Kabuğunun içindeki kaplumbağa gibi, biz de ruhlarımızın evini taşıyoruz. Nereye giderseniz
gidin hâlâ kendi ruhunuzu arıyorsunuz, demişti Tarkovsky. İnsan ruhuyla bağlantısını bir kez
kurduğunda, artık yitirecek bir şeyi kalmıyor çünkü dünyayı da kendini de anlıyor. Maddiyattan
ve görünenden öte bir dünya olduğunu fark eden insan, hırslarını buna göre yeniden gözden
geçiriyor. Hayatın anlamsızlığına kendince ve ruhunun renklerine göre bir anlam eklemek için
yola çıkıyor.

Huzur işte tam da bu noktada baş gösteriyor. Bir kez kendini ve ne istediğini anlayan insan, bir
daha nereye giderse gitsin kaybolmuyor. Kuzey yıldızı, kalbi olanlar kaybolmaz çünkü… Yol,
niyettir… Yaşamında bir şey yolunda gitmiyorsa; yola değil, niyetine dikkat kesil, derler.
İnanıyorum ki, her şey olması gerektiği şekilde ve zamanda oluyor.
Evet bu bazen, bizim istediğimiz zaman ve şekilde olmuyor ama geçmişe dönüp baktığımda
da, olmamış ise, o vakitler benim göremediğim bir nedenle gerçekleşmemiş… İnsan yaşamında
bazen öyle denizlerle karşılaşır ki, yüzmek değil kendini akışa bırakmak daha takdire şayandır.

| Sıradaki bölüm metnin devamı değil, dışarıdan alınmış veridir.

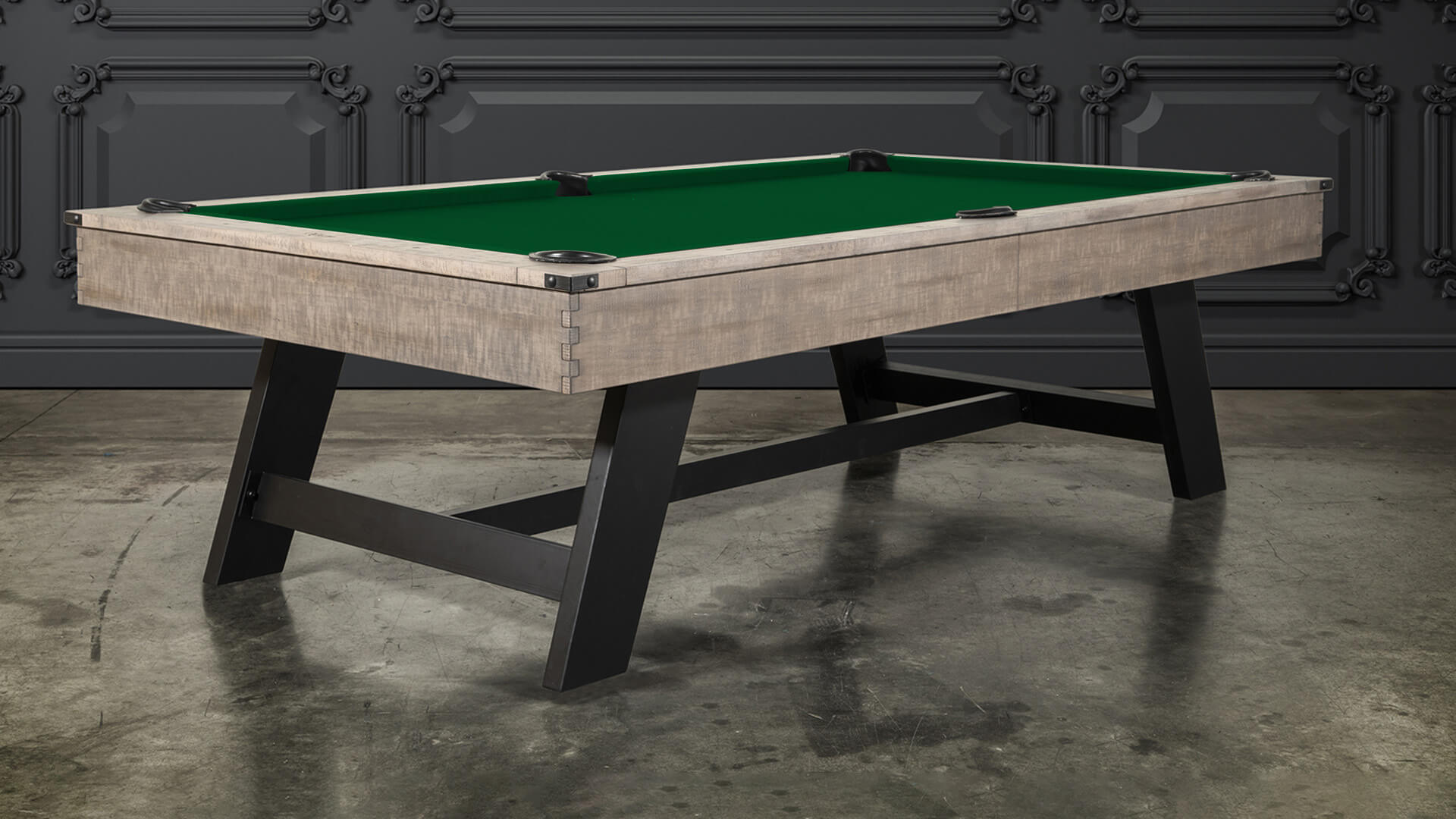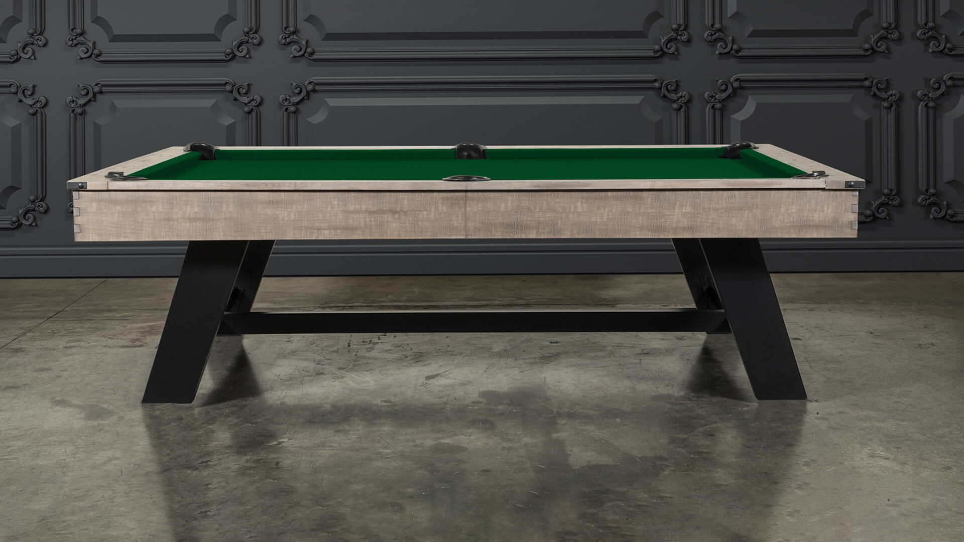 8 foot pool table by Nixon Billiards, the “Hunter” pool table features solid wood construction and a Brushed Walnut finish, with Metal legs and a crossbeam base, plus leather drop pockets, and designed with Modern Industrial stylings. The Nixon “Hunter” regulation pool table is available for sale with 20 felt color choices, and includes a free 32-piece pool table accessory set.

Yüreğimizin sesini duyabilmek bu sebeple çok önemli. Kalp her zaman zihinden önce bilendir
çünkü.

Bu sebeple insan önce kendini, kendi karanlığını ve onun sonsuzluğunu kavramalı. Bir de
ölümü kabullenmek, sevdiğiniz her şeyi ve herkesi bir gün kaybedeceğiniz gerçeği… Doğanın
içindeki yerini bilmek, bu da gerek elbette. Bunlarla yüzleştikten sonra gerisinin pek de bir
önemi kalmıyor. Tam da bu yüzden yaşam çok daha kıymetli oluyor. Belki de bu yüzden yazı
dersleri vermeyi çok seviyorum ve daha fazla insanın bu aynaya bakmasını, bu yüzleşmeleri
yaşamasını istiyorum. Yıllar içinde yazı derslerime katılan kişilerde öyle değişim, dönüşümlere
tanık oldum ki; bunun doğru yol olduğuna inandım… Siz bu yolu hiç denediniz mi?